Jeudi, 07 September 2017 à 20h00 - Source :Chronique Animation

Tout commence par une brève immersion dans le Japon des années 1930, où l'on découvre une fillette du nom de Suzu Urano, gentille et plutôt tête en l'air au point de se perdre en ville. Elle ne se doute pas alors qu'un jeune garçon dont elle va croiser la route deviendra, quelques années plus tard, son époux... Puis les années passent, et nous en 1944. Suzu est devenue une jeune femme toujours autant dans la lune mais infiniment douce, dont la main est offerte à Shusaku Houjo, qui ne l'a jamais oubliée, alors qu'elle ne se souvient plus de lui. Elle quitte alors sa ville de Hiroshima pour aller vivre dans la famille de son mari, à Kure, une petite ville connue pour son port militaire et située en périphérie de Hiroshima. Mois après mois, la jeune femme poursuit avec le sourire son quotidien dans cette famille, alors que petit à petit les menaces de la guerre se font de plus en plus persistantes, changeant peu à peu leur mode de vie, de façon de plus en plus dangereuse et dramatique...

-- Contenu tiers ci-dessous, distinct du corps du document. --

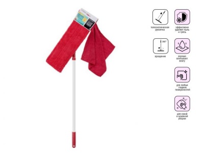 Швабра для пола с насадкой из микрофибры, бордовая + салфетка из микрофибры 30х30 см, PERFECTO LINEA, 43-392021
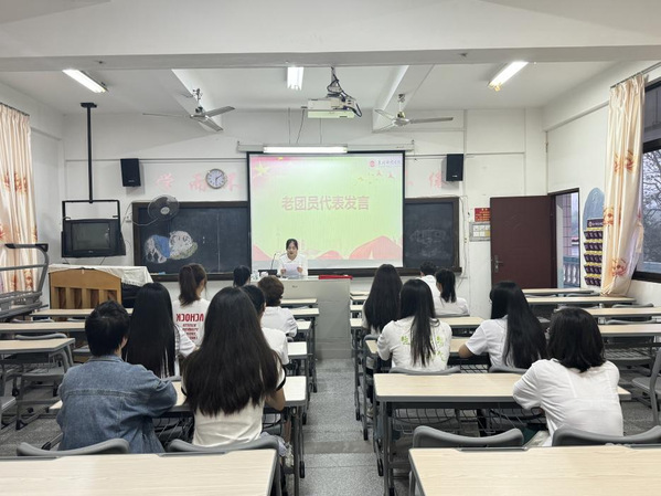 老团员代表黄艺敏同学发言,首先她对新团员们表示热烈的祝贺和诚挚的欢迎,呼吁全体团员把全民族的共同理想作为自己的理想和追求,切实增强政治意识、组织意识,模范意识,不负组织的殷切期望,不辱共青团光荣称号,才能更好地融入团队和社会,实现自己的理想,同时也认为自己需要做到模范带头作用,尽心尽力履行职责、做出贡献。
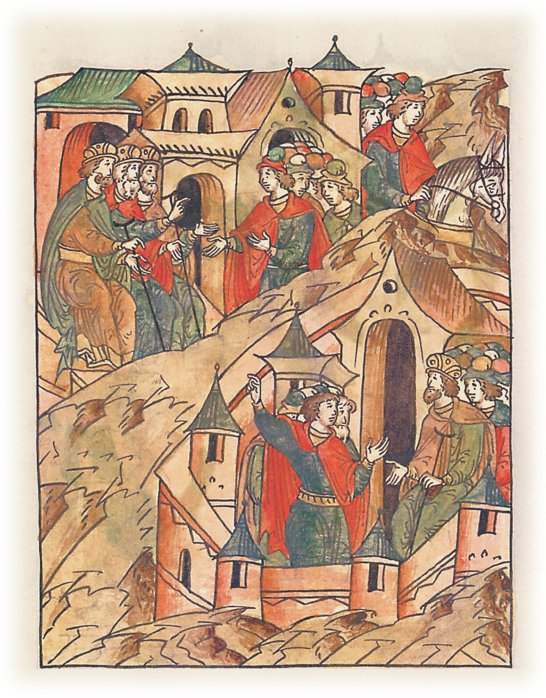 И послали тогда в Галич и Владимир послов своих рассказать о любви своей, как соединил их Бог и крест честной. Они же, узнав о соединении братьев, не пошли на них.
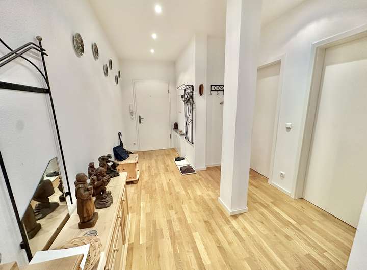 Die Wohnung besticht durch ihre großzügige, helle Raumgestaltung, hochwertige Holzböden und eine angenehme Deckenhöhe von ca. 2,70 m.
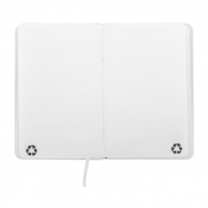 Artikel-Nr: AND800766-01Notizbuch mit recyceltem PU-Lederbezug und 100 blanko Blättern aus Recyclingpapier. Mit farblich passendem Lesezeichen und Gummiband. A6-Größe.
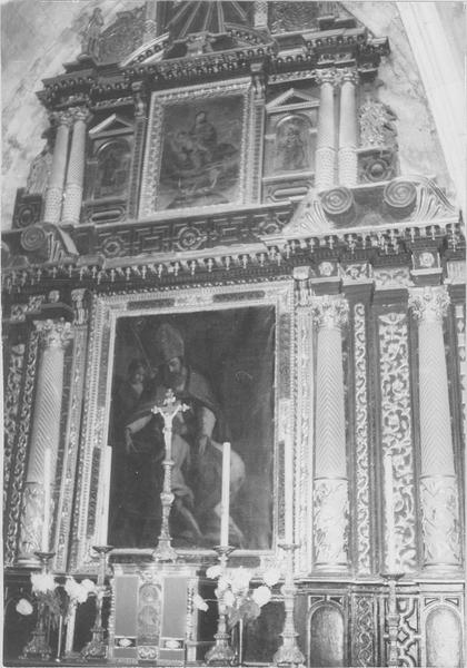 autel, tabernacle, croix et 6 chandeliers d'autel, retable, tableau d'autel : saint Ambroise évêque, et 3 tableaux : la Vierge de l'Apocalypse, saint Laurent et sainte Catherine d'Alexandrie (maître-autel)

Des débuts du projet en 2010 jusqu'à sa sortie en salles au Japon en novembre 2016, Dans un recoin de ce monde (Kono sekai no katasumi ni en japonais) fut un projet de longue haleine pour Sunao Katabuchi, son réalisateur. Déjà connu pour les films Princesse Arete et Mai Mai Miracle, pour la version animée de Black Lagoon, ou encore pour avoir assisté Hayao Miyazaki à la réalisation de Kiki la petite sorcière, l'homme avait à coeur, avec son équipe, d'offrir la meilleure adaptation possible du manga éponyme de Fumiyo Kôno. Pour cela, comme il l'expliquait dans notre récente interview, il s'est beaucoup documenté, a dû laisser le temps à son staff de bien s'imprégner de l'oeuvre (ce qui a repoussé le projet, d'abord prévu en salles japonaises en 2015), et a pu compter sur une production assurée par l'excellent studio Mappa. Disponible en France aux éditions Kana, le manga d'origine en deux tomes a vu le jour au Japon en 2007, et a connu un beau succès: En plus d'avoir remporté en 2009 le Prix d'Excellence catégorie manga du Japan Media Arts Festival, il a eu droit en 2011 à une adaptation en téléfilm live. Le film d'animation, lui, arrive en France en ce début de mois de septembre 2017 en étant déjà auréolé d'un superbe parcours : lauréat du prix Hiroshima Peace Film créé par le festival international de film d'Hiroshima (qui salue un film mettant la Paix au cœur de son projet), du prix du film d’animation de l’année aux derniers Japan Academy Prizes (devançant ainsi un certain Your Name.), du prix du jury au dernier Festival International du Film d'animation d'Annecy... sans oublier son succès au box office nippon.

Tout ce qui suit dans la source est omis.